SECURITY services are involved in around 500 terror probes and monitoring up to 3,000 potentially violent extremists in the UK, they have revealed.
Spooks have warned about the massive task of preventing atrocities on British soil in the wake of the devastating Manchester attack.
Authorities, facing questions about whether warning signs were missed, revealed MI5 is currently managing around 500 active investigations.
The agency has also thwarted 13 terror plots since 2013 including five since March’s Westminster atrocity.
Since Monday’s attack, counter-intelligence teams have swooped on addresses across the UK.
Eight suspects have been taken into custody and “important items” seized.
Last night the bomb squad deployed a robot as police searched a fruit seller’s home in Wigan.
There were fears they had found explosives. It is understood the flat owner is a Libyan who had been tackled to the floor the day before carrying a bag.
Neighbours were evacuated. One said: “You would often hear noises in the flat of them moving stuff around.
“He would go out in the middle of the night with this suitcase of his.
“They were always changing the carpets. He was a strange man.”
Late on Wednesday armed police tasered and detained a suspect on a grassed area near flats in Nuneaton, Warwicks.
Resident Lee Paget said: “He just lay there, they had guns with green lasers pointed on him.”
Other witnesses described police putting on boilersuits and putting bags on the man’s hands and feet.
And in Withington a house split into flats was raided with one man arrested.
Chief Constable Ian Hopkins said: “We currently have eight people who have been arrested in connection with Monday’s attack. They are all men.
“A woman who was arrested yesterday has since been released.
“The arrests have taken place in Manchester, Wigan and Nuneaton.”
As counter-intelligence officers work to uncover the terror network surrounding Abedi, questions remain if Abedi could have been stopped.
Home Secretary Amber Rudd has said he was known to the security services “up to a point”.
It emerged yesterday that Abedi was one of a larger pool of former “subjects of interest”, whose risk remained “subject to review”.
It is understood the scale of the threat being dealt with by counter-terror agencies is on an “unprecedented” scale and intelligence officers faced “difficult professional judgements” about where to focus their investigations.
A security source said: “MI5 is managing around 500 active investigations, involving some 3,000 subjects of interest at any one time.
“Where former subjects of interest show sufficient risk of re-engaging in terrorism, MI5 can consider reopening the investigation, but this inevitably relies on difficult professional judgments based on partial information.”
One former senior intelligence figure said it is an impossible task to rank each subject’s potential threat.

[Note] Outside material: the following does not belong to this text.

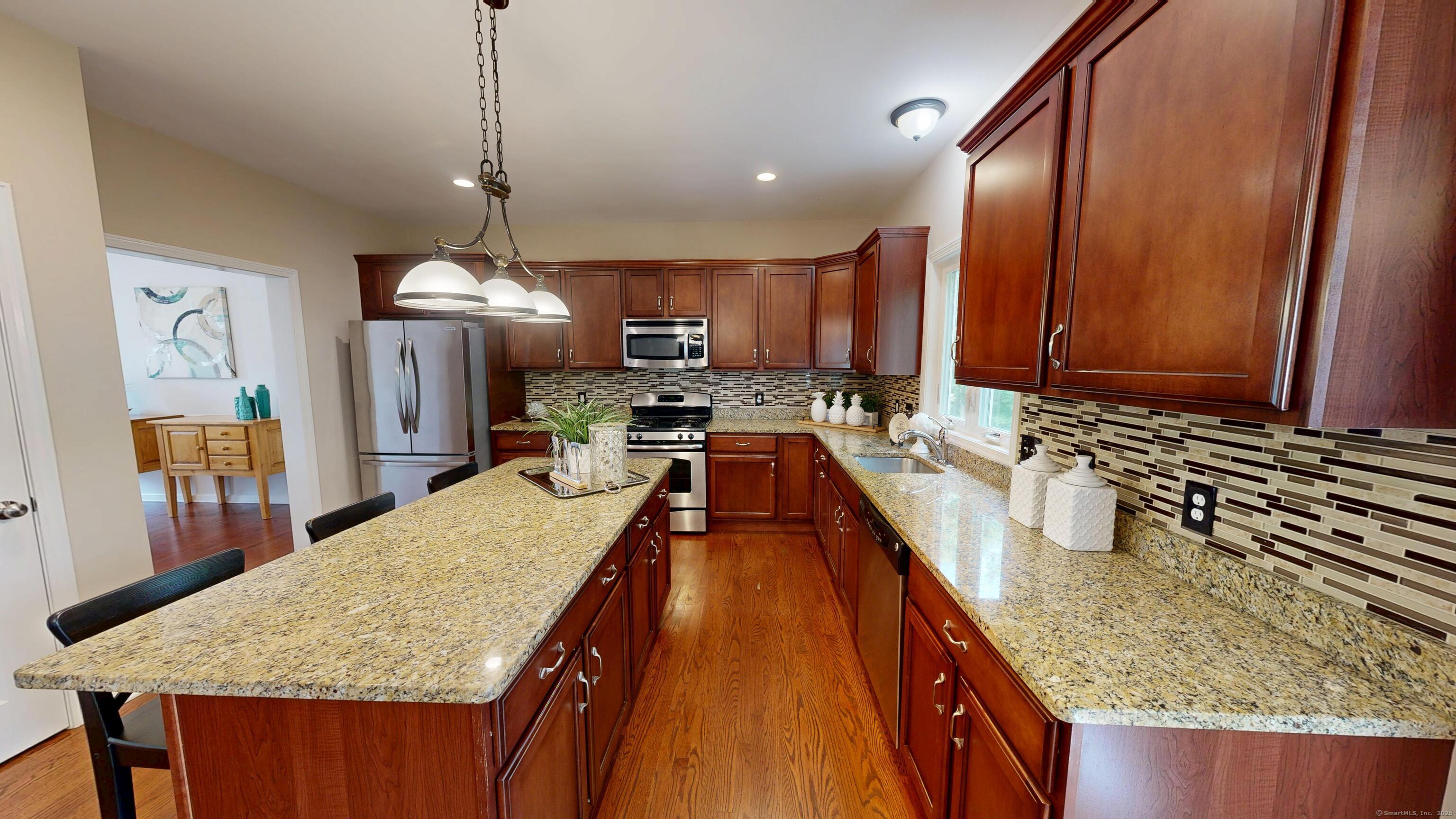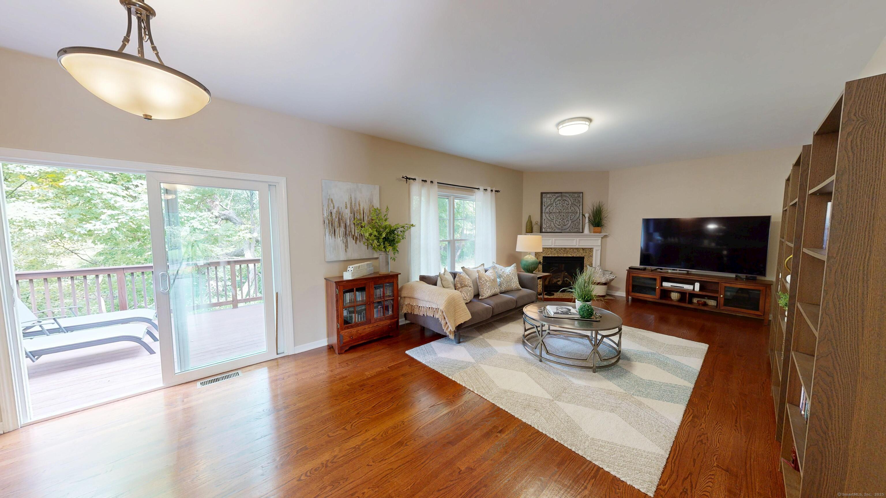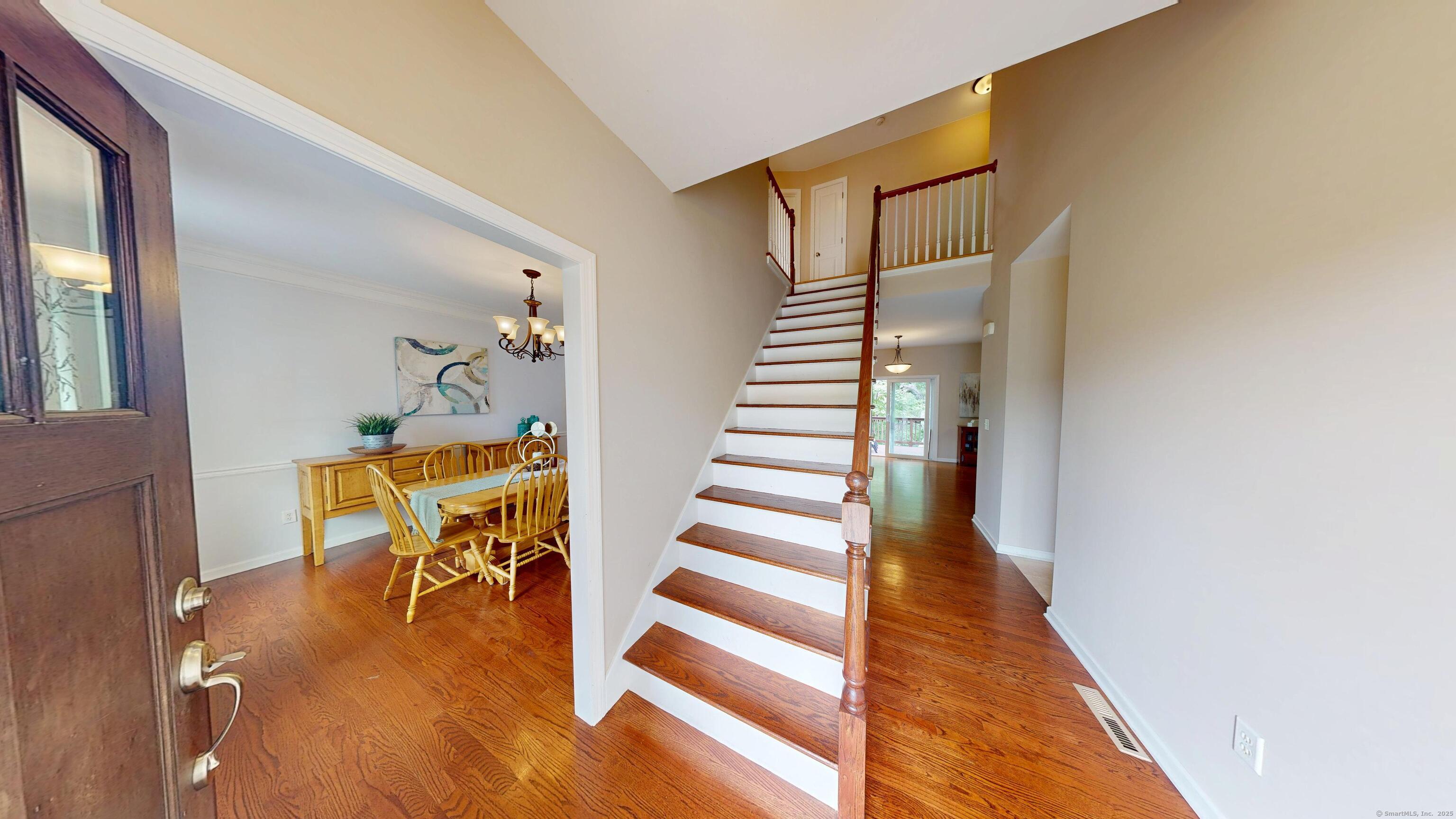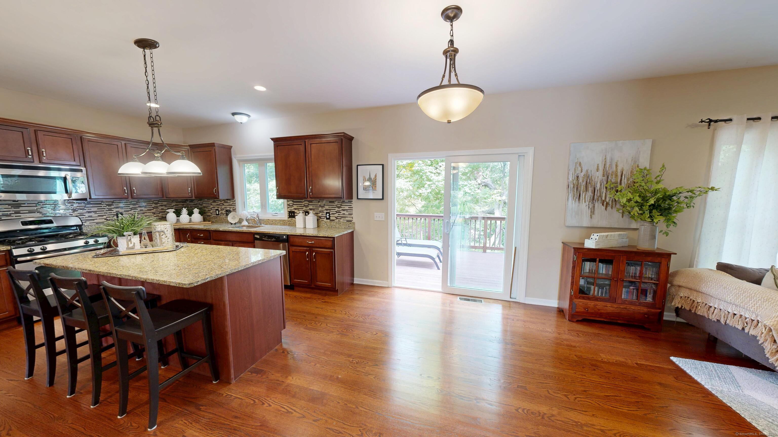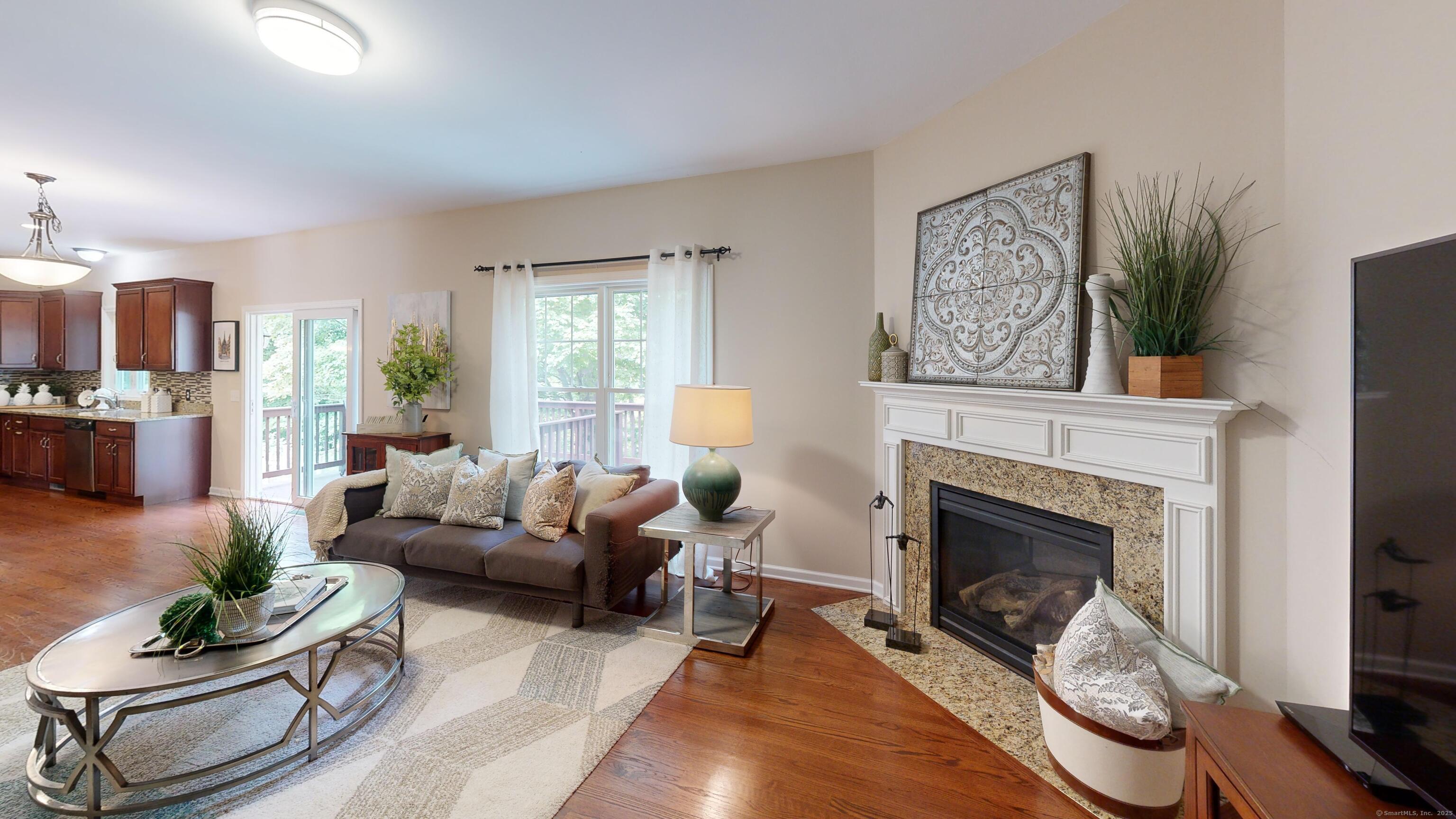 Well-maintained Colonial located in one of Wallingford's most sought-after cul-de-sac neighborhoods. This home offers an inviting open floor plan with a spacious kitchen featuring granite countertops, glass tile backsplash, center island, pantry, and eating area with sliders leading to a deck and newer patio overlooking a wooded lot for privacy. The kitchen opens seamlessly to the family room with a gas fireplace, perfect for gatherings. A freshly painted dining room with crown molding and chair rail adds elegance, while stunning mahogany-stained oak hardwood floors run throughout the first floor. The second level offers hardwood flooring throughout, a spacious primary suite with two walk-in closets, and a fully remodeled bathroom with double vanity. Two additional bedrooms, including one with a large walk-in closet, a full bath, and a laundry room complete the upstairs. The lower level provides excellent potential for future expansion. Additional highlights include a two-car garage with extra storage and a sidewalk-lined neighborhood close to Rt. 68, I-91, Rt. 15, shopping, restaurants, and more.

He added: “Knowing of someone’s radical sympathies and knowing they present a real and present danger are very different.
“So the security dilemma is how to assess who and when to investigate deeply given the resources needed for 24/7 surveillance.
“For every suspect that appears to be high priority another has to be pushed down the list.
“So who not to investigate urgently is as important a decision as who might be worth investigating.”
The official threat level, raised to the highest category of critical earlier this week, had stood at severe for nearly three years.
Shashank Joshi, of security think tank the Royal United Services Institute, said: “It’s easy, with the benefit of hindsight, to argue that these warnings were opportunities to stop the bomber.
“However, it’s also possible that these warnings were followed up, surveillance was conducted, and nothing was discovered. Authorities cannot keep monitoring a suspect indefinitely.
“There may be questions over his travel to Libya, Germany, and perhaps Syria, and his ease of return to the UK afterwards.
“It may point to weaknesses in monitoring onward travel.”
MI5 announced the figures after being slammed for not looking into calls made by the Muslim community about Abedi’s extremist views.
It was claimed that security forces missed five separate opportunities to stop the bomber.
They included a relative telling MI5 this year he was “dangerous” and a neighbour reporting suspicious activity at his home five years ago.
It takes 25 to 30 officers to monitor one suspect 24/7, meaning the UK would need 90,000 dedicated officers to cover all known extremists suspects.
The scale of the threat was again emphasised last night as the Queen Elizabeth Hospital in Birmingham was locked down in a terror scare over reports of a suspicious package.
Confused visitors were turned away as dozens of armed cops stood guard outside.
One worker said a package had been found in the prayer room and cops were searching the rest of the building.
A hospital spokesman later confirmed staff and patients were being let in and out to some wards.
A second man aged 64 has been arrested at a North London address after counter-terrorism officers stopped a 37-year-old man on Tuesday at Stansted Airport on suspicion he planned to travel to Syria.